PROBLEM TO SOLVE:
The needed output is the run of lines below from the one containing "(Drcená rajčata, mozzarella, anglická" through the one containing "lunar probe. |", copied exactly and free of pictures.

DATA FOR THIS EXERCISE:
---------------

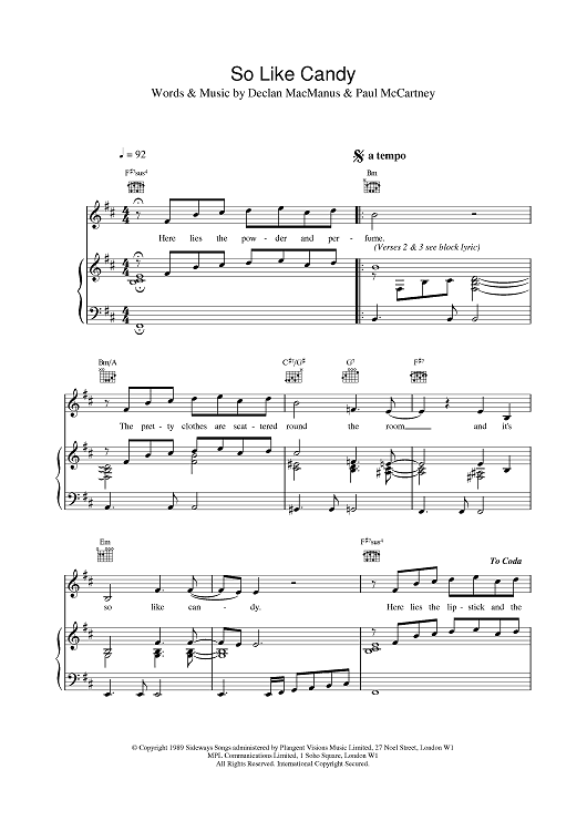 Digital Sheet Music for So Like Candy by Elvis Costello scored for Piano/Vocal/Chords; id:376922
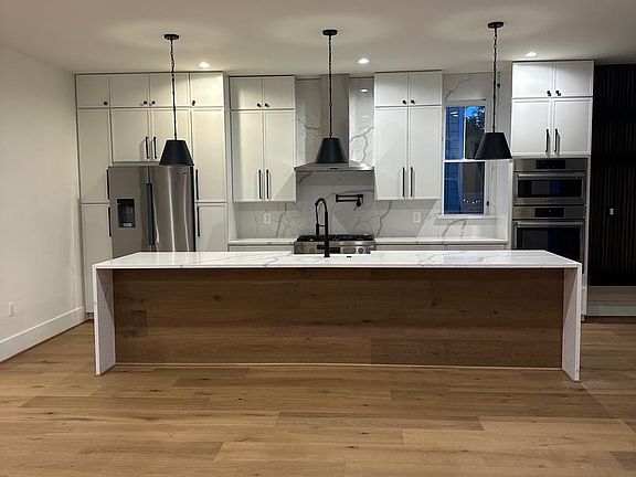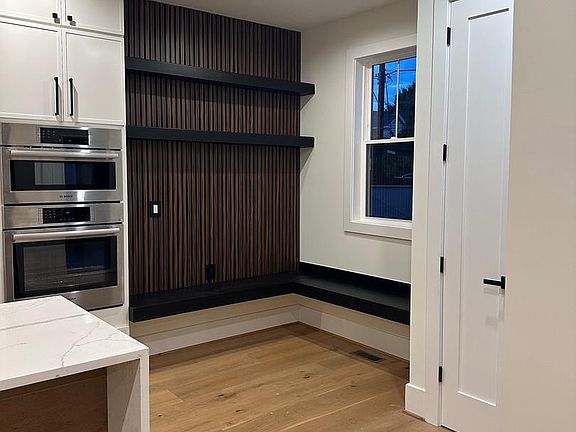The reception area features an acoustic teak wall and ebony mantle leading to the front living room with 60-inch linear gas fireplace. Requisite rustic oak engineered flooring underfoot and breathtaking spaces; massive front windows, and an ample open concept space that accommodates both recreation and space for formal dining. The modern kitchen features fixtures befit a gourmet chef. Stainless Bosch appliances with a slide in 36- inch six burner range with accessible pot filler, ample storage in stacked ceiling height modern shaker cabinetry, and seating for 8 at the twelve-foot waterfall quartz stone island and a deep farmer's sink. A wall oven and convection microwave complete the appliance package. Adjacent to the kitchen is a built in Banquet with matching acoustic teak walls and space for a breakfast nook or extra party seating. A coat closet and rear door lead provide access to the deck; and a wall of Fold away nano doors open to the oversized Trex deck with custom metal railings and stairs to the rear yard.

---------------

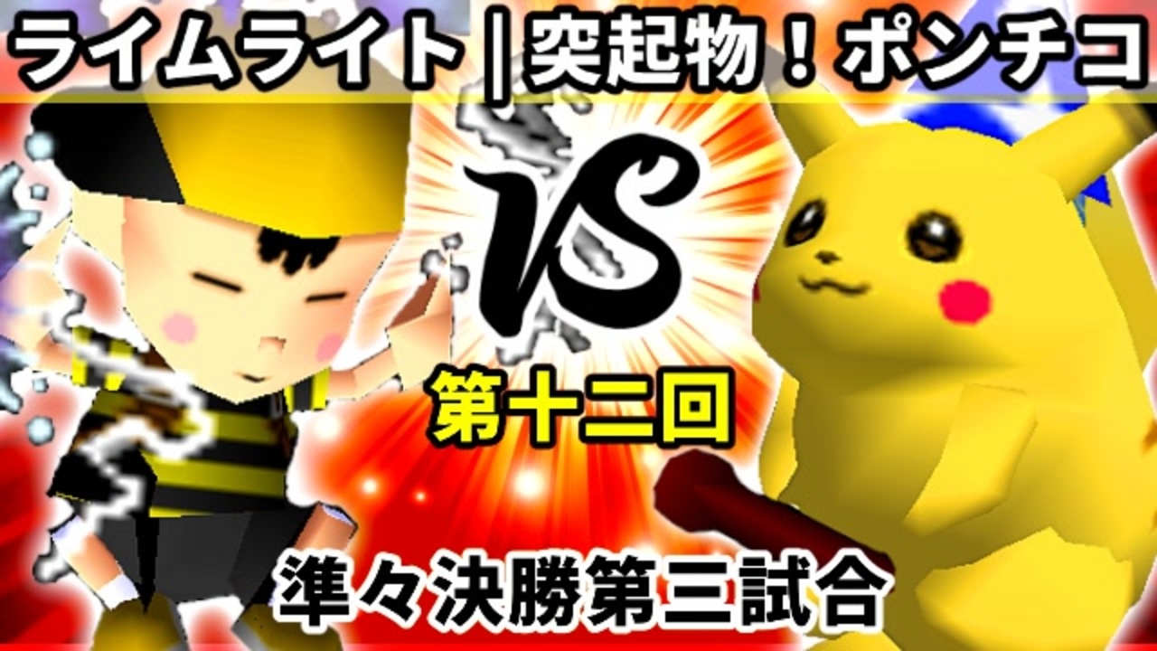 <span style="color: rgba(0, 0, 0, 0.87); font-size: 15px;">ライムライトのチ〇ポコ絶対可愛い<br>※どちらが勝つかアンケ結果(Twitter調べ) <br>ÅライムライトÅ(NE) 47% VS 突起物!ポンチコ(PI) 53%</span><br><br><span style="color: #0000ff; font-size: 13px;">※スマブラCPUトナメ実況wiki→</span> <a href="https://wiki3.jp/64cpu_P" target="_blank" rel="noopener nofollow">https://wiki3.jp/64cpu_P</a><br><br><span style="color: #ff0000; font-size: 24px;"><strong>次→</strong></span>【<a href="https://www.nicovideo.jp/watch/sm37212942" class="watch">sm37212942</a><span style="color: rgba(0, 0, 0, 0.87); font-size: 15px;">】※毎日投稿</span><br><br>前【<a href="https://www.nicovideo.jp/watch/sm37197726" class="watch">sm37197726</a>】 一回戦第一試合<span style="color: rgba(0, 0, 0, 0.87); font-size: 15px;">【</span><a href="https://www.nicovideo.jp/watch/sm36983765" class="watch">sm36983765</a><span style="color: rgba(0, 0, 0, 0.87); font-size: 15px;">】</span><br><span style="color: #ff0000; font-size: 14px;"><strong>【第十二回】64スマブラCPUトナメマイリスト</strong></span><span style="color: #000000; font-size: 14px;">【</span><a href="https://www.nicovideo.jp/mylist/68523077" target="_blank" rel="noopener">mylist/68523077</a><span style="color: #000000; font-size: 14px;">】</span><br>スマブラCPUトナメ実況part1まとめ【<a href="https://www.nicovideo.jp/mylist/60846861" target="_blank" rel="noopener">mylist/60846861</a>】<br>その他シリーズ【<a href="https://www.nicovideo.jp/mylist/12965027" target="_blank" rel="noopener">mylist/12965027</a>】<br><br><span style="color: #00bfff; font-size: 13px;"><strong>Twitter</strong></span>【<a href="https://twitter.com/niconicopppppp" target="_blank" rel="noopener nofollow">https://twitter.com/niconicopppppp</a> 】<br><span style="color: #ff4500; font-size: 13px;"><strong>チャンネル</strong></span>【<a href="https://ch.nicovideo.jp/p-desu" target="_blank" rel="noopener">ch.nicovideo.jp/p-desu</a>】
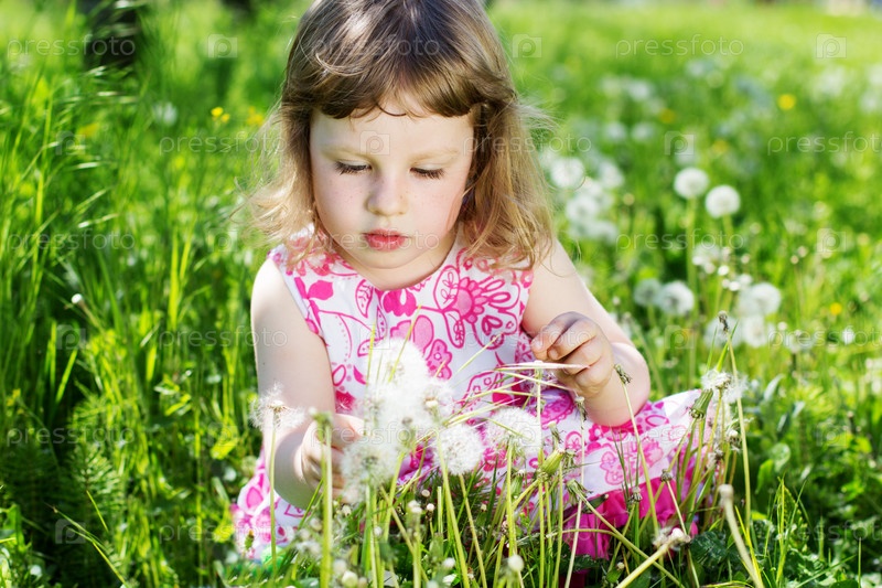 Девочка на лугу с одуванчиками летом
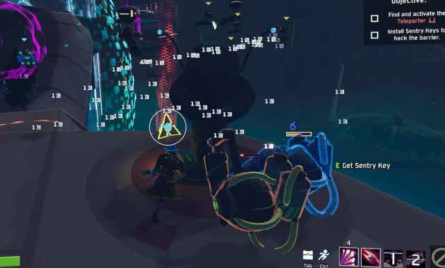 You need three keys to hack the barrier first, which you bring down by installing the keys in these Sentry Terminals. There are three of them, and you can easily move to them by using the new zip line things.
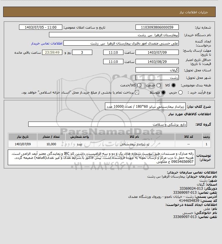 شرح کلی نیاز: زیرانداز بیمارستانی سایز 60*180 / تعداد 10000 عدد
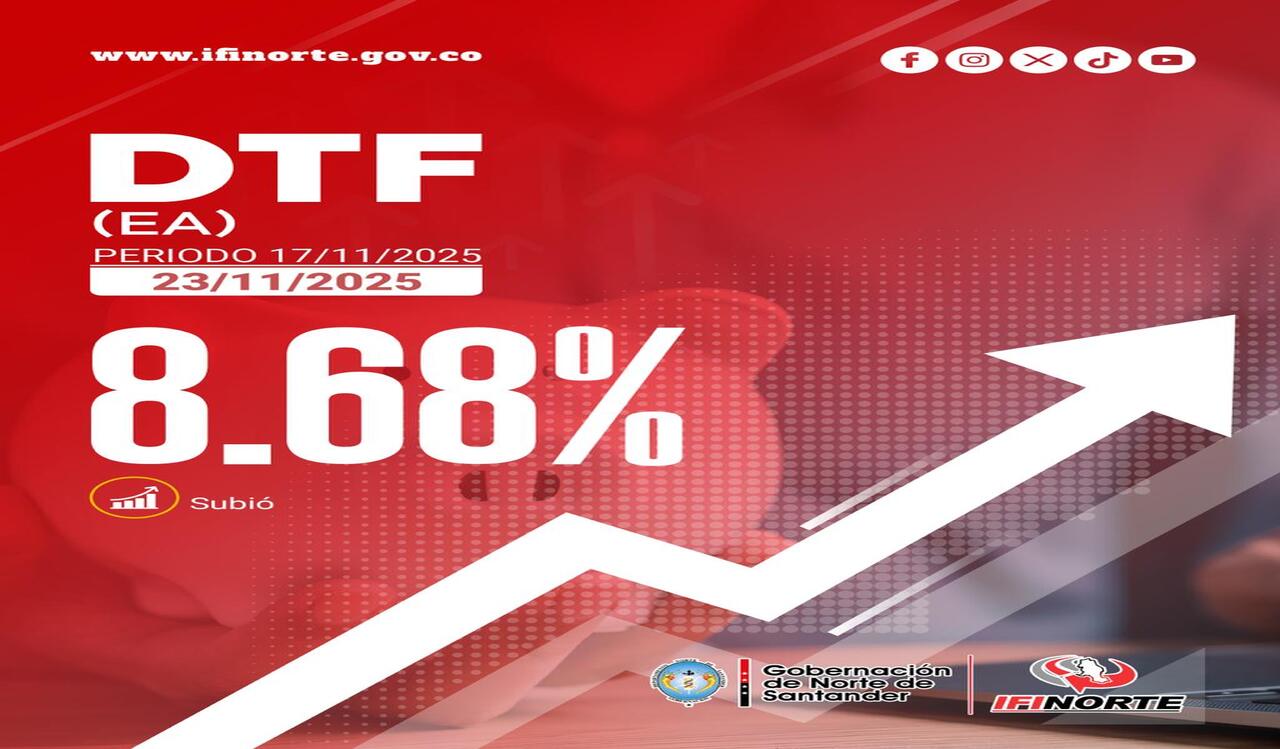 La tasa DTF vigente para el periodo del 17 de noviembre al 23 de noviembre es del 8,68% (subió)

---------------

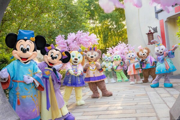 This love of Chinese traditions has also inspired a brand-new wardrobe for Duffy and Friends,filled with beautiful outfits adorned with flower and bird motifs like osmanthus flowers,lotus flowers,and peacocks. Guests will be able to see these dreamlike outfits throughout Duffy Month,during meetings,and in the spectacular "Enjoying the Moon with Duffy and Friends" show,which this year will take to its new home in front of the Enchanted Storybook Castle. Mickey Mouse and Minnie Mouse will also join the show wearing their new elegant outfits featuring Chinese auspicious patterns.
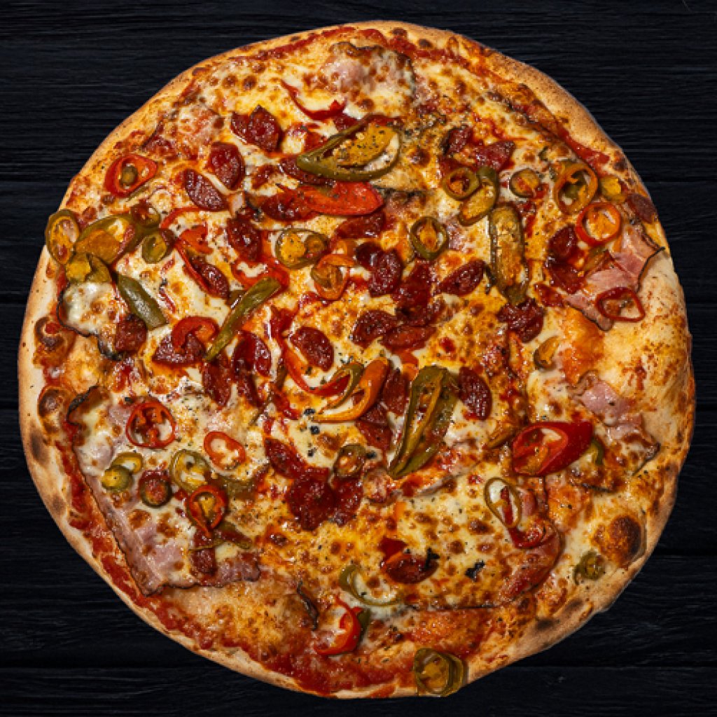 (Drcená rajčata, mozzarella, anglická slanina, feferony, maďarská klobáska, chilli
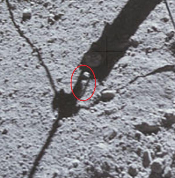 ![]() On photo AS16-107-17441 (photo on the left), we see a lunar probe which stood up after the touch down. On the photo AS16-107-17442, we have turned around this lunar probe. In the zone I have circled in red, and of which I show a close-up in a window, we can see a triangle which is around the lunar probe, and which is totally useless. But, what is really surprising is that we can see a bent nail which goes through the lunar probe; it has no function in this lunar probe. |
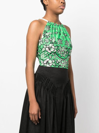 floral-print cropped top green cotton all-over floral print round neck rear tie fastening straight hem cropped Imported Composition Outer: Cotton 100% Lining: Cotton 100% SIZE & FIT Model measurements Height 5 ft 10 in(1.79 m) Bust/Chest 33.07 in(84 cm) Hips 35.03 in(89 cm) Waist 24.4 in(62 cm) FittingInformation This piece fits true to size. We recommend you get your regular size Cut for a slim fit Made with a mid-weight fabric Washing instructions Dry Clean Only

---------------

SOLUTION FOR THIS EXERCISE:
 (Drcená rajčata, mozzarella, anglická slanina, feferony, maďarská klobáska, chilli
 ![]() On photo AS16-107-17441 (photo on the left), we see a lunar probe which stood up after the touch down. On the photo AS16-107-17442, we have turned around this lunar probe. In the zone I have circled in red, and of which I show a close-up in a window, we can see a triangle which is around the lunar probe, and which is totally useless. But, what is really surprising is that we can see a bent nail which goes through the lunar probe; it has no function in this lunar probe. |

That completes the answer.